BACKGROUND OF THE INVENTION

1. Field of the Invention
The present invention relates to a system and method for allocating cache memory and, more particularly, to a system and method capable of allocating cache memory to each processor element in the system adaptively according to a bank assignment table that is updated by system profiling engine.
2. Description of Related Art
With the progressing of system on chip (SoC) and multimedia technology, the amount of data and computation required for processing increases rapidly. Multi-task processing technique becomes more and more important for integrating various processor elements into a single chip. Also, multi-system integration has become an inevitable tendency. Generally speaking, most systems require memories for storage. Under multi-task environment, memory is the kernel of storage system, and it is also the most serious bottleneck due to the performance of processor elements being much faster than the memory. Accordingly, the organization of memory for a multi-task/multi-core system will affect the system performance dramatically.
The number of processor elements in SoC system increases rapidly for processing hundreds of thousand procedures in the system, therefore, the data communication and memory access traffic problem are more and more serious for constructing multi-task/multi-core systems. Additionally, in a multi-task system, different processor elements may have quite different memory behavior. For instance, large memory requirement is required for video processor element but wireless processor element may not be. Therefore, poor memory utilization occurs if traditional memory allocation is still applied in such a multi-task/multi-core platform, which implies that cache memory allocation method in single fixed type is unable to satisfy the heterogeneous memory requirement for each processor element in the platform anymore if a common multi-task/multi-core system platform is to be constructed desirably.
As for traditional memory allocation, each processor element owns constant memory resource.
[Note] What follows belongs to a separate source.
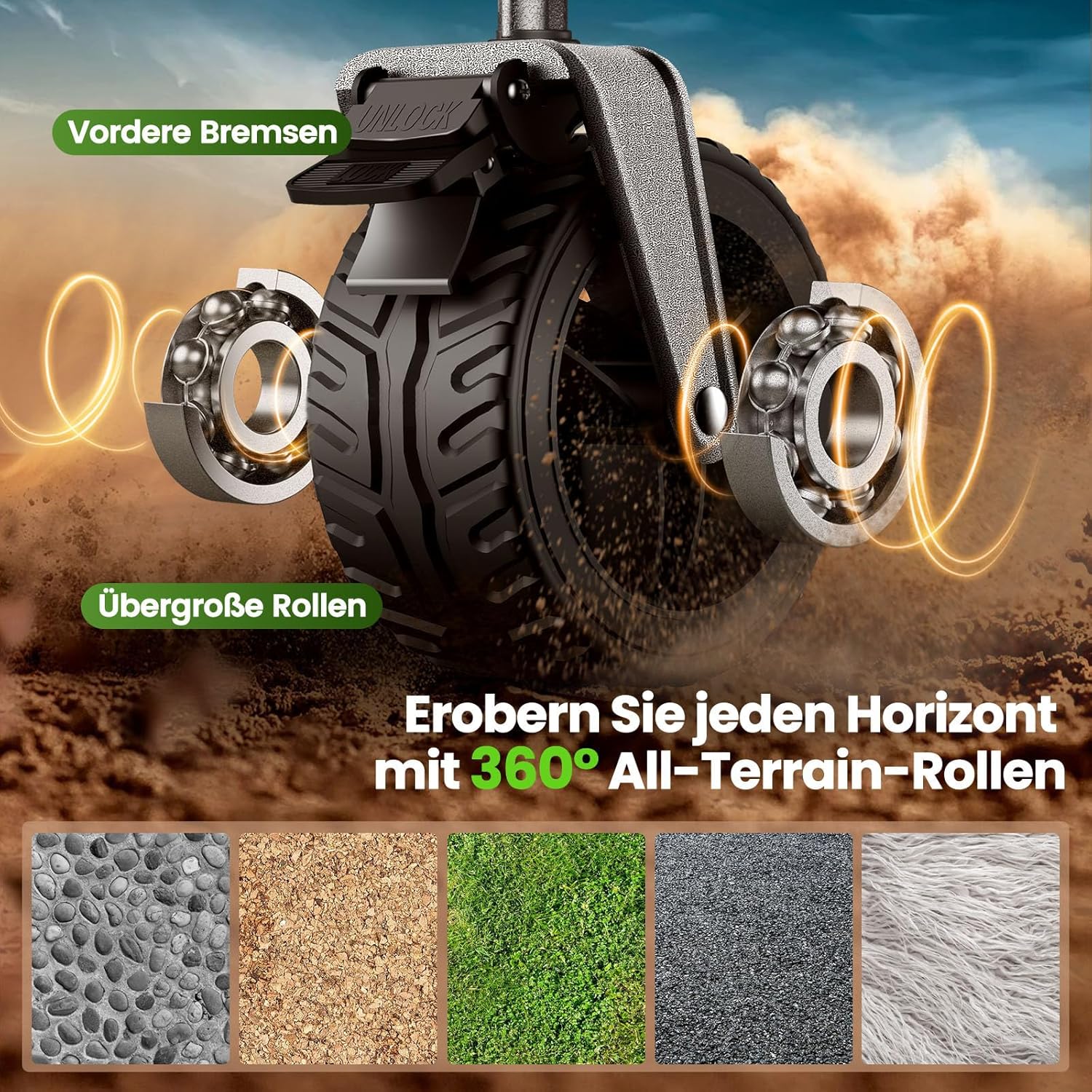 • 360°-Schwenk-All-Terrain-Räder mit Profil und Luftkern für jeden Untergrund

Such memory allocation is inflexible, that is, each processor element in multi-task/multi-core platform may have different memory requirements during the runtime, while the loading of a particular processor element increases across two adjacent time intervals, for example the procedure that assigned for the processor element in the latter time interval is greater that that in the previous time interval, the efficiency of the processor element decreases due to the lack of memory resource. Further, while the loading of processor element decreases across two adjacent time intervals, extra power consumption occurs due to the memory idle since the memory has no information to store but keeps consuming power.
Therefore, how to manage and utilize the memory is the most important issue for constructing a multi-task/multi-core platform. Accordingly, it is desired to provide a system and method for allocating cache memory capable of allocating cache memory dynamically and adaptively to each processor element for increasing the efficiency of the entire system and diminishing the power consumption.

SUMMARY OF THE INVENTION

An object of the present invention is to provide a method for allocating cache memory, which is able to allocate memory resource dynamically and adaptively to each processor element for increasing the efficiency of the system and to decrease the power consumption due to memory idle.
Another object of the present invention is to provide a system on chip capable of allocating memory resource dynamically and adaptively to each processor element in the system on chip for processing different task assigned to different processor element.
In one aspect of the invention, there is provided a method for allocating cache memory, applied in a system on chip and accompanied with a bank assignment table. The system on chip includes a plurality of processor elements and a cache memory element. The cache memory element has a plurality of sub-memory elements, and one of the plurality of processor elements executes the method. The method comprises the steps of reading the bank assignment table; and allocating the plurality of sub-memory elements to the plurality of processor elements, in accordance with the bank assignment table, for executing the operation processes assigned to the plurality of processor elements.
In another aspect of the invention, there is provided a system on chip for allocating cache memory, comprising: a plurality of processor elements; and a cache memory element including a plurality of sub-memory elements, and coupled with the plurality of processor elements, wherein a bank assignment table is built in one of the plurality of processor elements, and the processor element with the built-in bank assignment table allocates the plurality of sub-memory elements to the plurality of processor elements, in accordance with the bank assignment table, for executing an operation processes assigned to the plurality of processor elements.
Other objects, advantages, and novel features of the invention will become more apparent from the following detailed description when taken in conjunction with the accompanying drawings.

BRIEF DESCRIPTION OF THE DRAWINGS

FIG. 1 is a schematic view illustrating the system on chip (SoC) in accordance with an embodiment of the present invention;

FIG. 2 is a schematic view illustrating the cache memory element of the present invention;

FIG. 3 is a schematic view illustrating the bank table checking method when a request is served; and

FIG. 4 is a schematic view illustrating a general memory allocation.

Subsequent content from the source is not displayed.